I really liked this Article / explanation. I am curious to put my hands on the raw data, as statistics and crunching numbers is what I do for living. Do you any idea how I can get acces to the raw data? Would be interesting if they made the typical amateur mistake of applaying Normal distribution statistics on non Normal distributed data. That alone can give 20 per cent error.
A K (Ajoy) - Nonsense! There is no 'random' data illustrated in the charts I referenced - it has all been produced by measured indicators of processes used to detect particles. That data is being used to relate the process detecting extracted protons to the expected probability of detecting neutrinos, whose detection is also charted.
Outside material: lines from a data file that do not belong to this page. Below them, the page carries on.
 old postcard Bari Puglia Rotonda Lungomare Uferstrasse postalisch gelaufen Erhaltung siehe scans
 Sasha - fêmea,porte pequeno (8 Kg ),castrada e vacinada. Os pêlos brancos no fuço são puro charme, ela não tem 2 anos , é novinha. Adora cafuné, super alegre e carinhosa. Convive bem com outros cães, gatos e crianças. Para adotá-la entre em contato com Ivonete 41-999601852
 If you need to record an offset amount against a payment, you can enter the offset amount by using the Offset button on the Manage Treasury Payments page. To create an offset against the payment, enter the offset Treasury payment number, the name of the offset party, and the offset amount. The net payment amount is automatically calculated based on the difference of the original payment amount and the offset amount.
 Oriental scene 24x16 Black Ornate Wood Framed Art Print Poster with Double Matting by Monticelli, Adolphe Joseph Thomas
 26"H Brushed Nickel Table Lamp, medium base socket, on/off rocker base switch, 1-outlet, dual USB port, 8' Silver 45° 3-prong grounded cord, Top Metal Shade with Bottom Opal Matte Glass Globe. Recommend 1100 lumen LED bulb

The purpose of charting data is to enable its visualization and the potential identification of patterns within the data that has not be previously analyzed.
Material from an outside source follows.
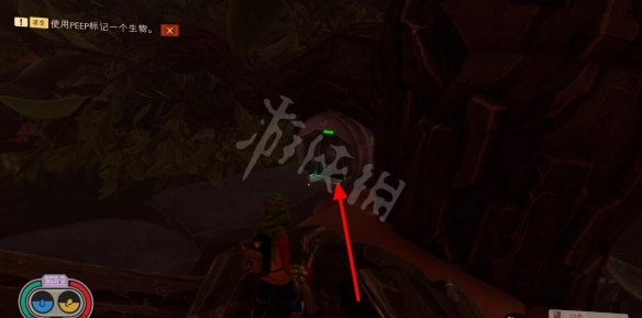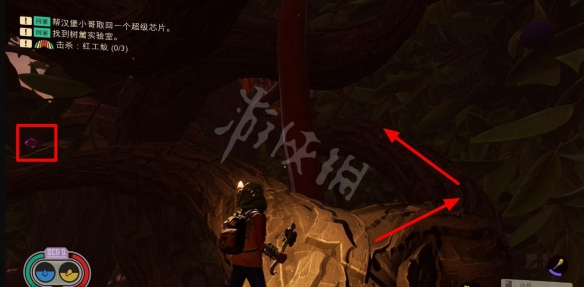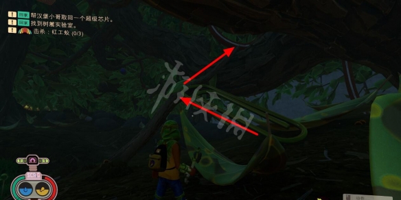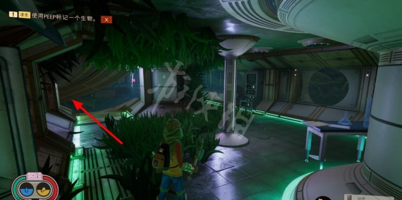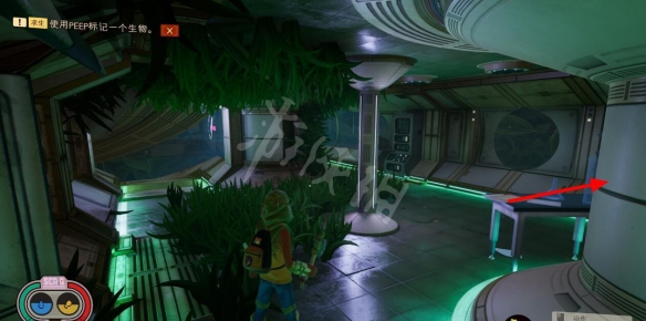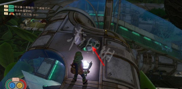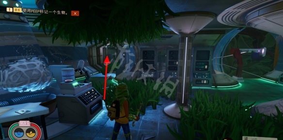 5、搜刮完畢前方的小屋從另一側的門離開後,沿著左側的樹枝前進。在前方通過蘑菇和葉子向上前進。使用滑索進入樹籬實驗室。在生物特徵掃描器上錄入生物信息獲得實驗室許可權,但使用系統還需要我們找到密碼。從右前方打開的門繼續深入實驗室。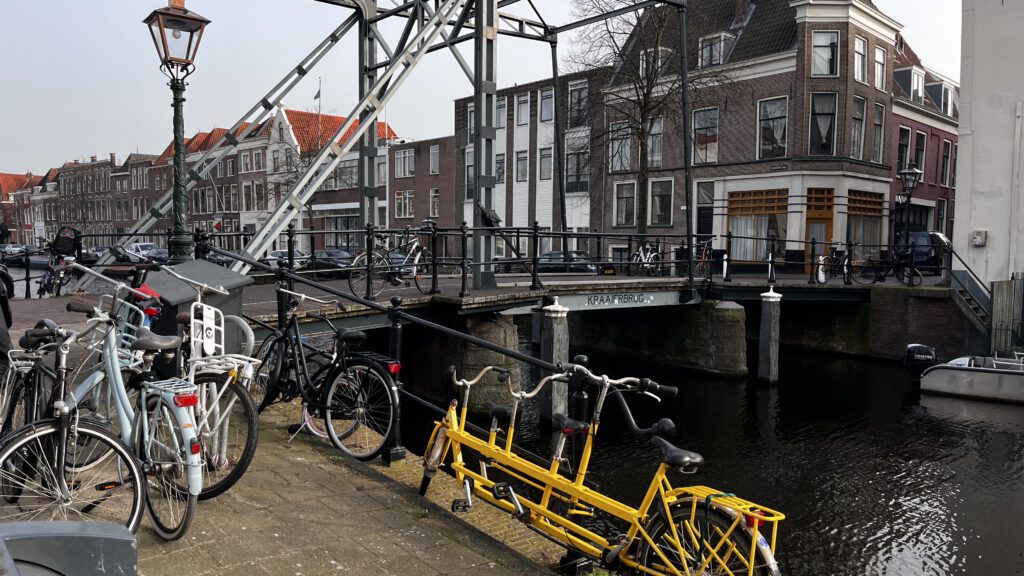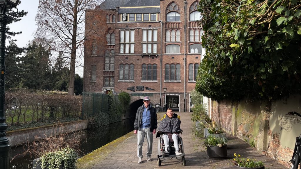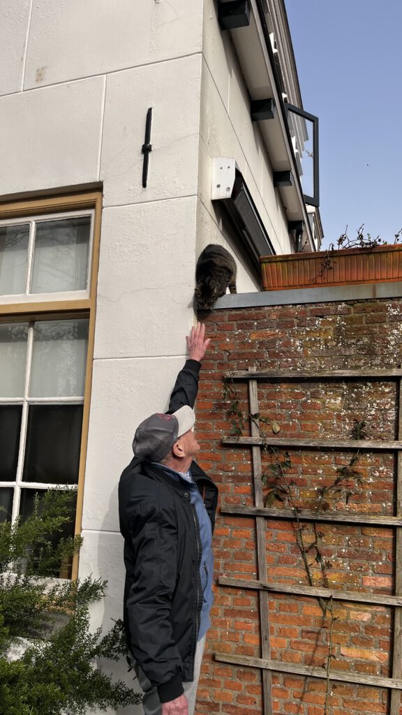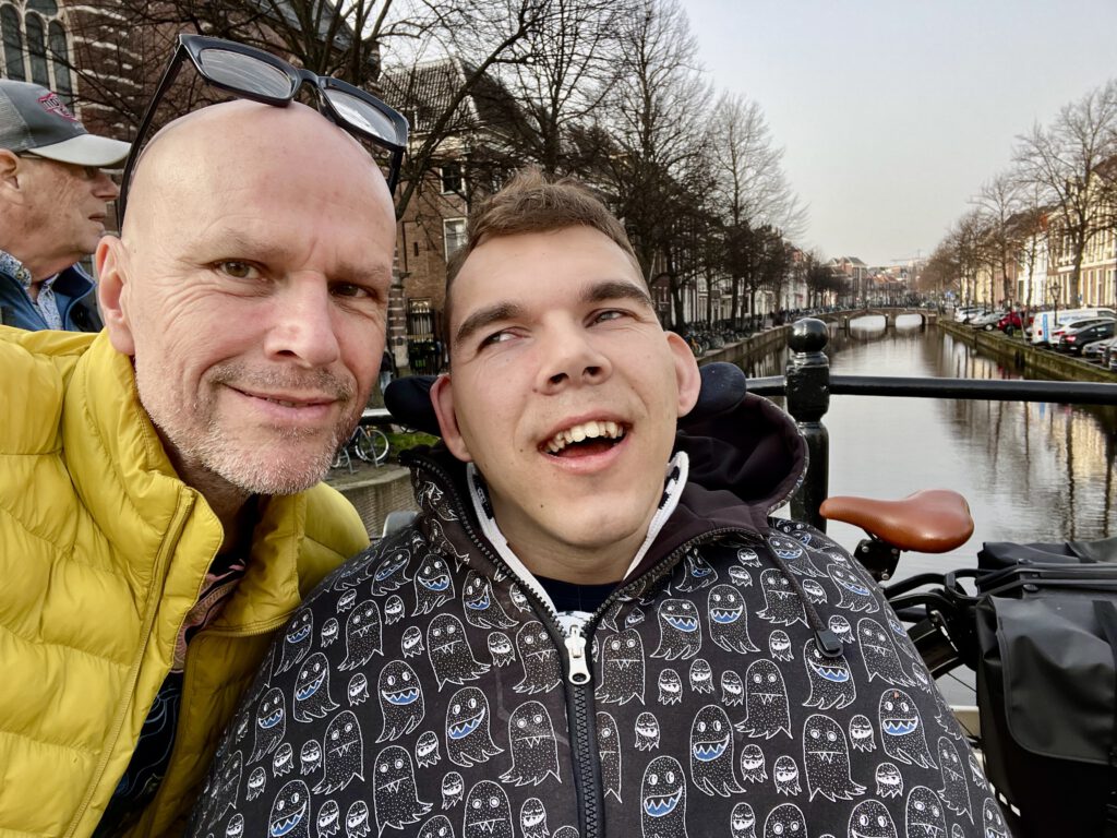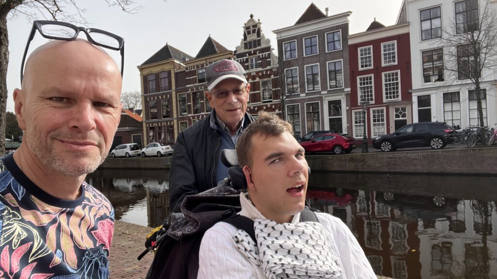 Mees en ik hadden we zin in. Onderweg reden we over de N11 langs de afslag van Boskoop en toen ineens kreeg ik een ingeving. Mees vond het ook een goed idee en zo pakte ik de volgende afslag en reed ik terug naar Boskoop. Mijn schoonvader Bert, die al bijna 83 is, woont daar met zijn vriendin. Gelukkig waren ze thuis. Bert lag even te rusten, maar sprong uit z’n bed en nog geen 10 min later waren we met z’n drieën onderweg naar Leiden.

In the Fig. 11 chart in the official OPERA report, the data points representing neutrino detections generally alternate by nearly 20 "Events.150 ns". Such a pattern can be generally described as an 'oscillation'.
The more general initial pattern of an initial increasing volume of events occurs over roughly the first half of each extraction. Fortunately, this pattern should be apparent to most reasonably intelligent people who view the chart without mathematically analyzing the data to quantify a trend line of some specific slope.
That this initial trend is disrupted by a sudden event or change of experimental conditions occurring about midway through all extractions is obvious.
Your objections to this analysis are pooh pooh!
Since the charted events are indicative of changing conditions of proton detections very near the neutrino beam source, they indicate changing patterns of conditions occurring within the neutrino beam. Something is producing those patterns - the changing conditions within the neutrino beam eventually being extraordinarily described as FTL should be meticulously understood since an exceedingly complex series of inferences is being used to support that claim!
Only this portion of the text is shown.